Chief of cardiology at Lurie Children's Hospital and Northwestern University in Chicago, Illinois, Dr Stuart Berger, MD, agreed that the study finding points to an important area of research.
He said, "It may not help us today or tomorrow, but it raises some interesting concepts about the pathophysiology. For instance, if sC5b9 proves to be a reliable predictive biomarker for MIS-C, it could help determine which children who test positive for SARS-CoV-2 should be closely followed.”
Should additional and further research confirm the importance of complement proteins in TMA, then existing drugs that target these proteins might prove useful.
A potential pharmaceutical candidate such drug, eculizumab, is a key treatment for hematopoietic stem cell transplant–associated TMA. However, these treatments would likely be reserved for the most severely ill because of associated side effects.
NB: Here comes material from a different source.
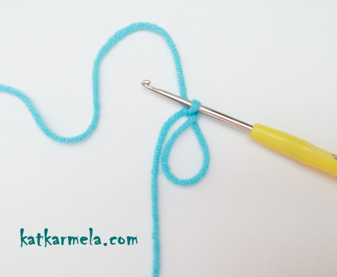 Сверните нить пряжи в кольцо амигуруми или затягивающийся узелок (как вам удобно).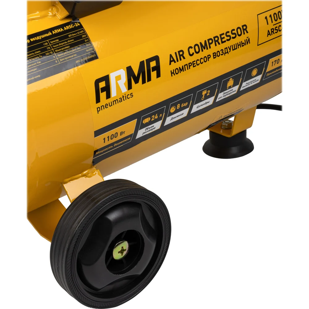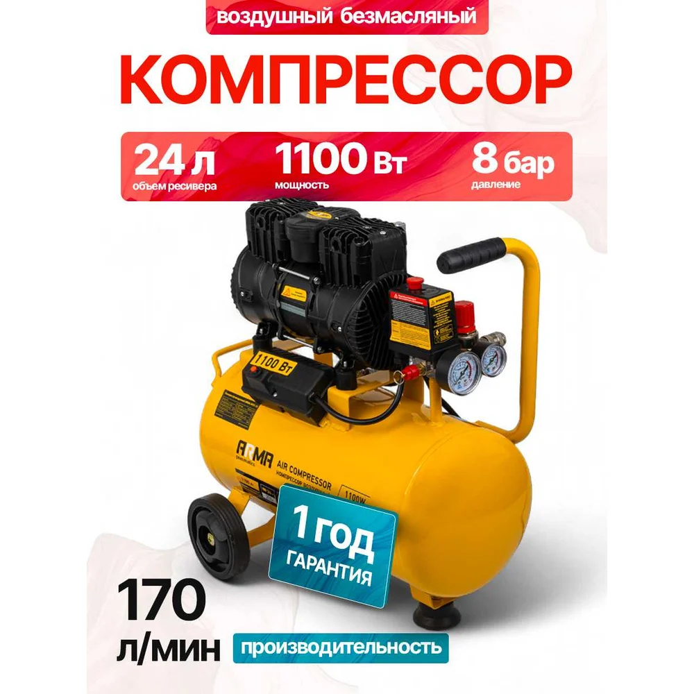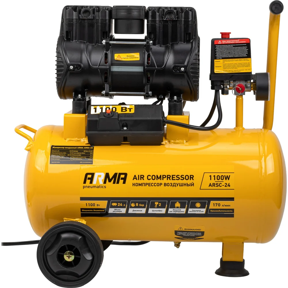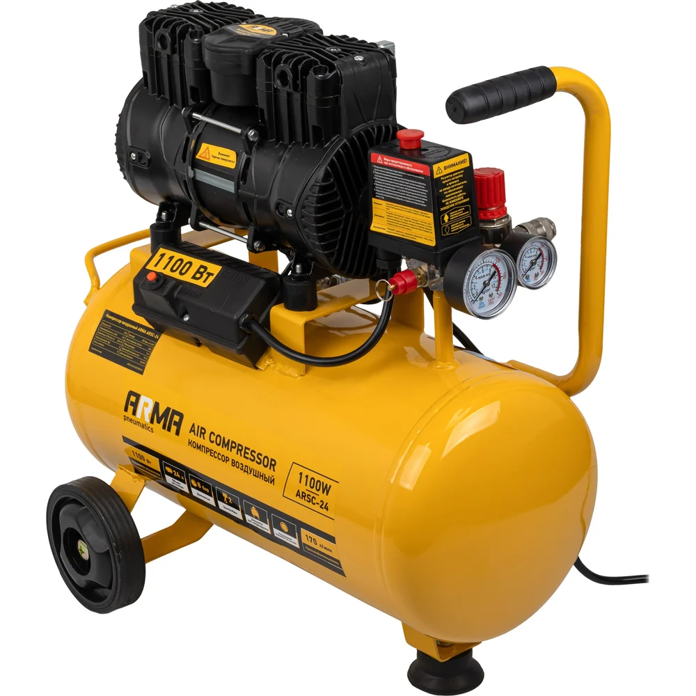 Купить Компрессор воздушный безмасляный малошумный ARMA 1,1 кВт, 24л ресивер, 170 л/мин ARSC-24 по лучшей цене с доставкой - интернет магазин №1 в России

Blood thinners could also have a role. https://pubmed.ncbi.nlm.nih.gov/32369610/
The study team concluded, “We have shown that terminal complement activation is present in children across the spectrum of SARS-CoV-2 infection and that a high proportion of these children met clinical criteria for TMA. Elevations in sC5b9 occur independently of other laboratory markers associated with COVID-19 and MIS-C, and are associated with evidence of renal dysfunction. Although additional studies are clearly needed, evaluation for clinical TMA and complications of TMA should be considered in hospitalized children with SARS-CoV-2. The long-term implications of complement activation and TMA in these children need to be studied.”